Tuesday 12 April 2011

The Key Skill Roles of SharePoint

This article is based on one we wrote and published a couple of years ago but has been reconsitituted and updated. We know that the original article was received well as it was used by 3rd parties when presenting at seminars (we have spies everywhere ;) ). We are publishing it again for those who didn't see the original SharePoint article.

Essentially, when looking at job boards and talking with generalist recruiters, three roles crop up time and time again, architect, developer and administrator. If one didn't know better, one would thing that encompassed all the core skills of SharePoint but in fact it is extremely misleading and doesn't come close to explaining the various skills that one may encounter or require when engaging with SharePoint. This is why it is essential to be talking to a specialist SharePoint recruitment organisation such as Campania Consulting (www.campaniaconsultinggroup.com).
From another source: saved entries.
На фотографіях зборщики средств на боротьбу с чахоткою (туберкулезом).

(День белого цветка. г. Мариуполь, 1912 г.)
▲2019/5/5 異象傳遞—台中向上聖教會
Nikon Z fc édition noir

Consider the following list of plausible SharePoint roles:

SharePoint Strategist
Currently not a term used in the market for recruitment though there are one or two partners now understanding that this role should/could exist. It is what we do here at Salem and incorporates enterprise business consulting for SharePoint with detailed roadmaps, approach, alignment with business strategy and IT strategy and conceptual business solutions that would use SharePoint and related Microsoft technologies. 


SharePoint Practice Lead

Primarily for partners though a large corporate may be looking for a similar role. Sometimes known as an SME or subject matter expert. Combines a range of technical, consulting and strategic skills and will own and lead the SharePoint practice for a partner firm. Generally a thought leader, involved in public facing blogs, literature, author of industry materials. These people will currently be primarily deeply technical SharePoint specialists but without in-depth business consulting skills, although preferable for this role. Would expect to have excelllent presenting skills. In the UK possibly no more than 30 to 40 people would fulfill all requirements presently.
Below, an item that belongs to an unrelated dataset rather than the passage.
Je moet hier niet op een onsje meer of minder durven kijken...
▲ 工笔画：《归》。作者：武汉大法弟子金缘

SharePoint Solutions Architect

One of the most common titles for a top level SP role. Wide range of technical skills but does not need to be deeply technical or have developer skills (though often asked for by corner-cutting companies who wish to find a one-man-band). Full and wide understanding of all SharePoint technical services who can translate a business strategy or business solution request into a logical technical solution using SharePoint and related technologies. Not always a doer, but will be expected to present, consult and have a deep enough technical knolwedge to lead thhe technical team in delivering a custom SharePoint solution. This role often consults with business stakeholders, will manage QA and hold responsibility for the overall solution release.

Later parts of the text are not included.